O Círculo 4F transatlântico toca ainda como um imenso sino, a rebate, por que afinal também a espécie humana sente-o, sobretudo aquela parte mais vilipendiada, oprimida, subjugada e deliberadamente saqueada!

A humanidade está em risco de desaparecer à mercê da irracionalidade do próprio homem tornado poder sobre os outros homens, daquele homem egoisticamente mesquinho que cultiva a avidez dum poder que se tornou contra toda a humanidade e até, irremediavelmente, contra o âmago do seu próprio ser!...
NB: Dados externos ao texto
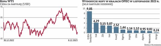 Temu dużemu popytowi towarzyszą ograniczenia podaży surowca. Część państw OPEC+ na niedawnym posiedzeniu ministrów tego kartelu zdecydowała się na dobrowolne cięcia produkcji ropy w I kwartale 2024 r. wynoszące łącznie 2,2 mln baryłek dziennie. Wśród nich jest Arabia Saudyjska, która przedłuży o trzy miesiące cięcia wynoszące 1 mln baryłek dziennie. W listopadzie wydobywała ona 9,05 mln baryłek dziennie, podczas gdy jej moce produkcyjne wynoszą 12 mln baryłek dziennie. Produkcja w całym OPEC sięgała natomiast w zeszłym miesiącu 28,05 mln baryłek dziennie, podczas gdy zdolności produkcyjne sięgały 34,16 mln baryłek dziennie. Globalną podaż zaniżano więc o ponad 6 mln baryłek dziennie, czyli o więcej, niż łącznie produkują Iran i Kuwejt. Mimo to cena ropy gatunku WTI spadła w pierwszym tygodniu grudnia poniżej 70 dol. za baryłkę. Była ona najniższa od końcówki czerwca i o 13 proc. mniejsza niż na początku roku. Zniżkowała, choć przecież wojna między Izraelem a Hamasem nadal rozgrzewa nastroje na Bliskim Wschodzie. Co się więc takiego się stało, że pomimo cięć wydobycia w krajach OPEC+ i napięć geopolitycznych nie wystrzeliła ona w górę?
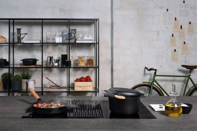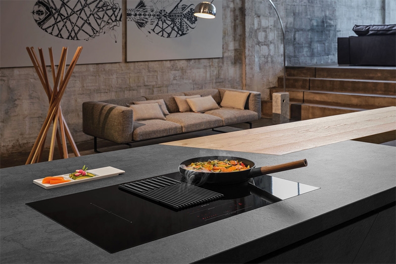 integrierter Kochfeldabzug mit Abluftbetrieb
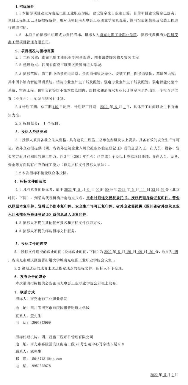 南充电影工业职业学院景观道、图书馆装饰装修及安装工程施工招标公告
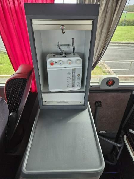 : video, WC, lodówka, caffebar, kabina sypialna, fotele odchylane, oświetlenie indywidualne, nawiewy dyszowe, siateczki, ABS, ASR, tempomat, retarder, CD, podnóżki, stoliczki, mikrofon, klimatyzacja, radio, rampa dla inwalidów, regulacja wysokości nadwozia, centralny zamek, podwójne szyby boczne, wspomaganie kierownicy, elektryczne lusterka, aluminiowe felgi, DVD, ogrzewanie stacjonarne, hak holowniczy, ESP
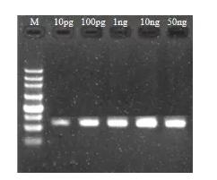 圖4:使用Biomarker HS DNA聚合酶,以不同模板量(10 pg、100 pg、1 ng、10 ng、500 ng)人基因組DNA為模板,擴增 628 bp的目的片段,發(fā)現(xiàn)不同模板量都可有效擴增。M:250 bp DNA Marker。
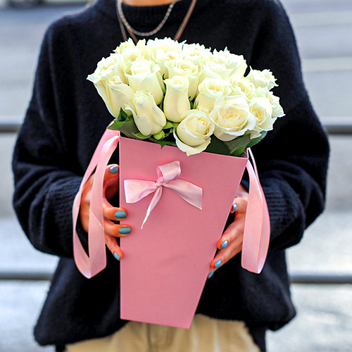 Букет 25 белых Кенийских роз в коробке трапеция (35 см)
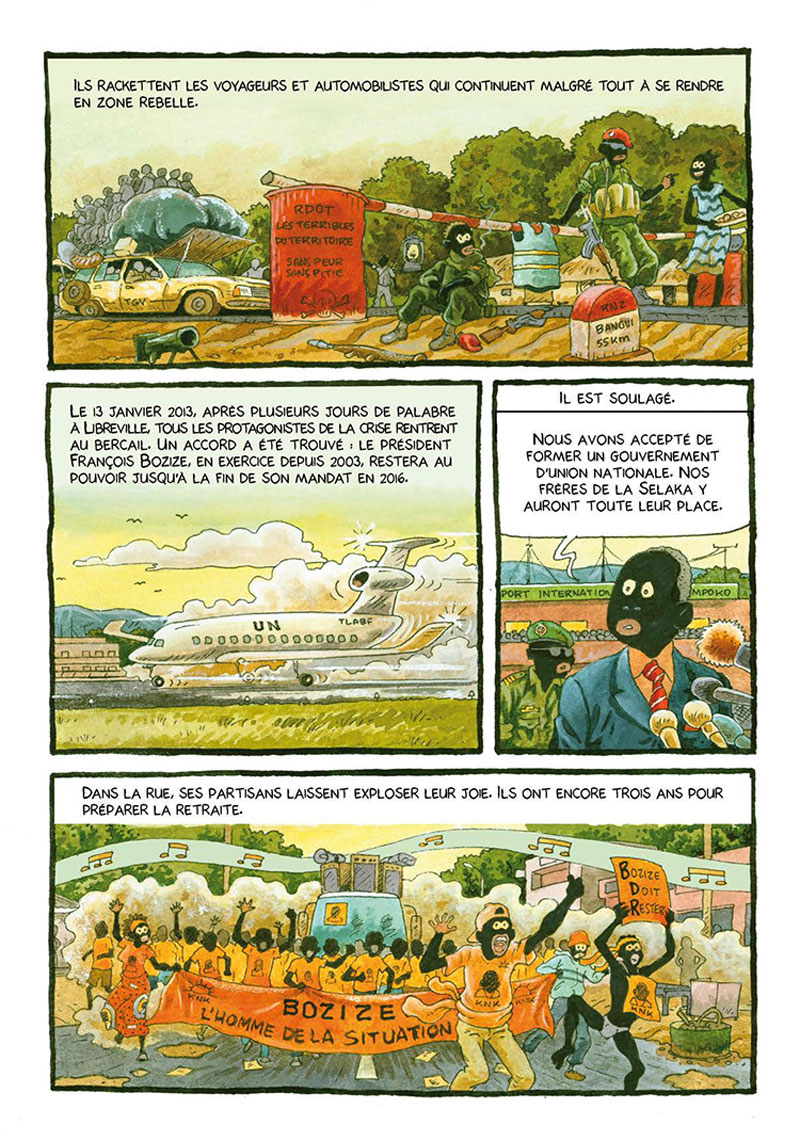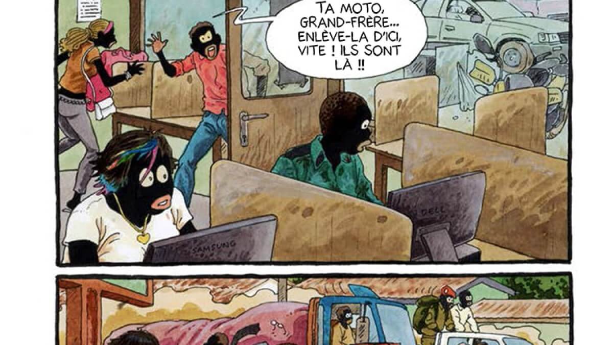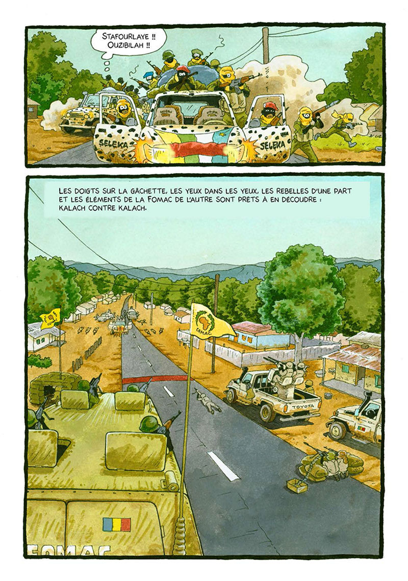 On le voit traversant Bangui, « la ville de la peur », pour porter ses planches à l’éditeur puis se désespérer quand les soldats détruisent tout sur leur passage…

O transatlântico Círculo 4F, vencido colonialismo, vencido o “apartheid” e vencidas tantas das suas sequelas, corre no sangue oxigenado das artérias das Américas e de África, por que as veias abertas pelo neoliberalismo desde os anos 70 do século XX, trazem o sinal duma avassaladora servidão e por isso é preciso, com os homens que vão subindo a penosa escada da liberdade mesmo com os pulmões a rebentar, alcançar os cumes enevoados das utopias, nos Andes como no Quilimanjaro, pois as utopias estão aí mesmo à mão, feitas de democracia, participativa, protagonismo social, digna e solidária, nos horizontes que nos absorvem na esponja medular imensa de que é feito este século XXI!...

Martinho Júnior -- Luanda, 4 de fevereiro de2020

Imagens:
Quartel da Montanha, Mausoléu de Agostinho Neto, Sarcófago do Comandante Hugo Chavez e Sarcófago de Agostinho Neto; honra e glória aos alicerces do transatlântico Círculo 4F!